The virtual realm has been the subject of much debate amongst feminist theorists/activists in terms of its potential both for productive feminist work and destructive replications of the same power systems that exist in the material realm. To further this work, I am interested in looking at the role of text in the virtual realm. Dorothy Smith outlines how text can mediate and depoliticize lived experiences: “social scientific methods of writing its texts created a standpoint from which the reader reflected on her life as if she stood outside it; taking up the relevances and focus built into the conceptual structures of the discourse. She became an object to herself” (Smith 39). The method taken up toward writing ‘legitimate’ texts in the social sciences, and indeed, in many other academic realms, is reliant upon a writer approaching a topic as though they had no personal connection to it. As far as knowledge production goes, this allows dominant bearers of ‘knowledge’ (who we may refer to as ‘the state’) to continue to legitimate particular forms of knowledge and knowledge production. In contrast, the very public nature of the virtual realm means that the blogosphere becomes a space in which people assert their own voices and broadcast that messaging. Taking up virtual space becomes an act in which feminist bloggers will define their identities and politics: “The argument for ‘situated knowledge’ as a new form of looking and knowing theorizes embodied spaces as ideal communities whose members generate collaborative identities” (Kaplan 213). I argue that the virtual is no less an embodied space than the material, as it carries forth the potential for new ‘forms of looking and knowing’. There are important theorizations that are made possible with the blending of a feminist blogger’s embodied identity and their virtual influence.

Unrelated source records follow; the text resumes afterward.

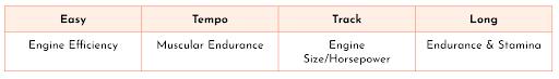 I like to use a car analogy to explain different types of runs. You are training both the engine and the chassis. I generally break runs into four categories: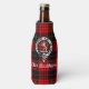 O resfriador da garrafa de na moda apresenta o crachá da crista do Clan MacQueen da Escócia e texto personalizável sobre fundo de tartan.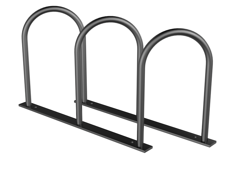 Способ крепления: опорная полоса имеет отверстия для крепления велопарковки к покрытию анкерами.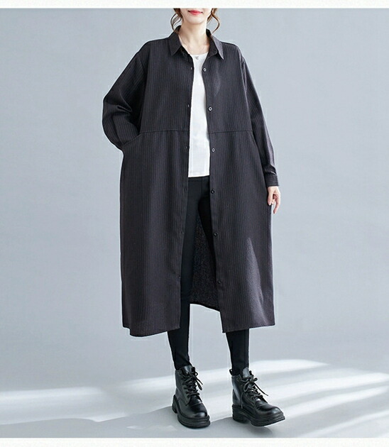 前開けも、前閉じでもきまるデザイン ロングシャツ ストライプ柄 シャツワンピース カットソー 秋 春 長袖 レディース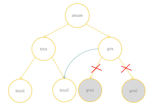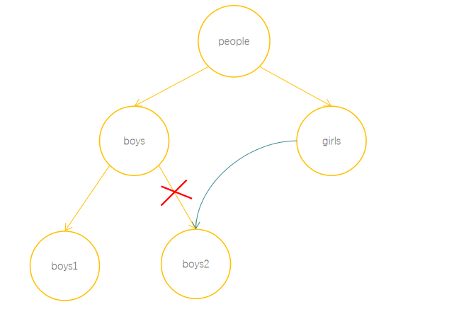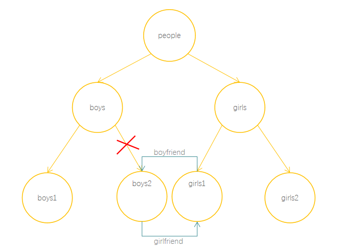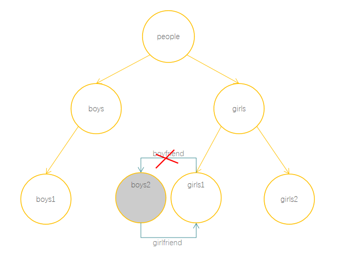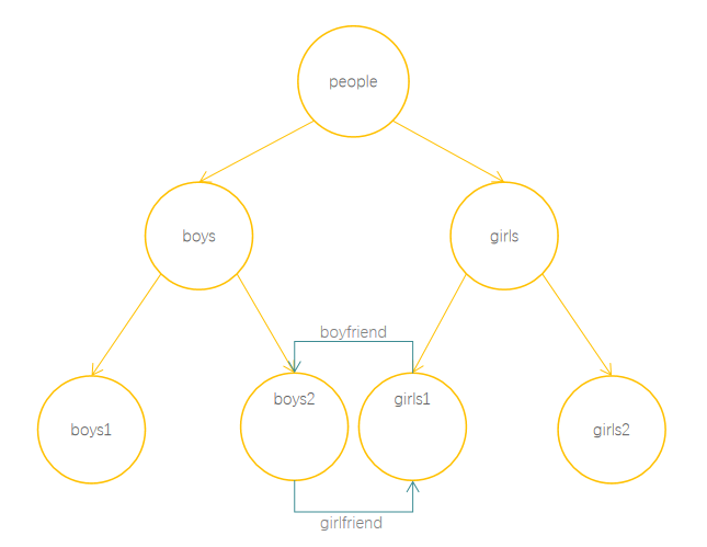 people.girls.girls1.boyfriend = people.boys.boys2; //girls1引用boys2以上代码在boys2和girls1之间创建了一个相互关联的关系,关系结构图如下:

However, it is important not to romanticize the virtual realm as being some paradoxical fantasy of a ‘politically apolitical’ space. When I asked Sayers how she had come to blogging, she explained:

I wanted a way to respond to what I was hearing/reading in the media but without having to deal with the online forums where plenty of online/anonymous trolling occurs. I have tried to participate and provide feedback on articles online before but when I would go back to read what others have said, there really wasn’t any safe discussion going on. (Sayers)

The operation of her own site gives Sayers the ability to moderate comments and write her own thoughtful responses on a variety of issues. She values the space of her blog because she can write these authentic responses to the media, without feeling as though her commentary will disappear beneath a deluge of commentators who refuse to listen or who participate in ‘trolling’. As well, Sayers’ point about her blog giving her the ability to respond to the media is of particular importance. Frances Shaw describes the power of discourse and how it can inspire people to produce counter-discourses:

political agency is enacted in discourse, and in the ways that activists try to intervene in discourse through the creation of counter-discourses. This recognition is also important for the tradition of feminist political theory, in which linguistic intervention and consciousness-raising have formed a significant part of activism. (Shaw; emphasis added)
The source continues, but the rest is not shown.